Our system captures depth images of the robot and its surroundings, requiring calibration of the relative positions between the robot and the camera. The robot's geometry is filtered out, and critical distances from control points on the robot to the surrounding depth camera detections are identified. Control points are defined using TF frames on the robot's geometry, typically on the axes connecting the joints. These points can be added by including link elements without geometry to the robot's URDF/XACRO model. The distribution of these points should ensure the entire robot is covered within the repulsive potential field's saturation region. The distance between consecutive points should generally be less than \(\left(\frac{-3}{\alpha} + 1\right) \frac{\rho}{2}\). More points increase precision but also computation time. Based on these distances, a Cartesian repulsive vector and an attractive configuration (PID) vector are computed. These vectors are combined in joint space to obtain a velocity command. The repulsion intensity (\(v_{\text{rep}}\)) is regulated by a curve defined by \(v_{\text{max}}\), \(\rho\), \(d_{\text{min}}\), and \(\alpha\). This velocity command is limited based on joint velocity limits from other control points and smoothed through an acceleration filter before being transmitted to the robot.

The operation of this system is as follows:
  1. A stream of depth images is captured, showing the target robot and its immediate surroundings. The relative positions between the robot and the camera must be calibrated.
  2. The robot's geometry is filtered out from these images.

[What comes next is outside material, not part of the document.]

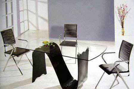點(diǎn)綴:利用玻璃桌面反射的特點(diǎn),改變周圍環(huán)境的色彩和紋理,就能間接地改變餐桌的個性。色澤柔和的餐布和餐具,立即使這款過于理性化的餐桌椅變得溫馨起來。

  3. The filtered image is analyzed to identify critical distances from control points defined on the robot's geometry to the detections from the surrounding depth camera. An example of these control points for a UR10e robot can be seen in the following image. These control points are defined using TF frames located on the robot's geometry, typically on the axes connecting the joints. These points can be simply defined by adding a series of `link` elements without associated geometry to the robot's URDF/XACRO model. The process of adding/modifying these control points to the configuration of the various involved nodes and the controller will be reflected in the documentation provided with the solution code. The distribution of these points along the robot's geometry should generally be sufficient to ensure that the entire volume of the robot is covered within the saturation region of the repulsive potential field function. This function appears in the next step, but as a rule of thumb, the distance between consecutive points should generally be less than \(\left(\frac{-3}{\alpha} + 1\right) \frac{\rho}{2}\). It is worth noting that the greater the number and density of these points, the more precise the coverage of the geometry at the cost of increased computation time.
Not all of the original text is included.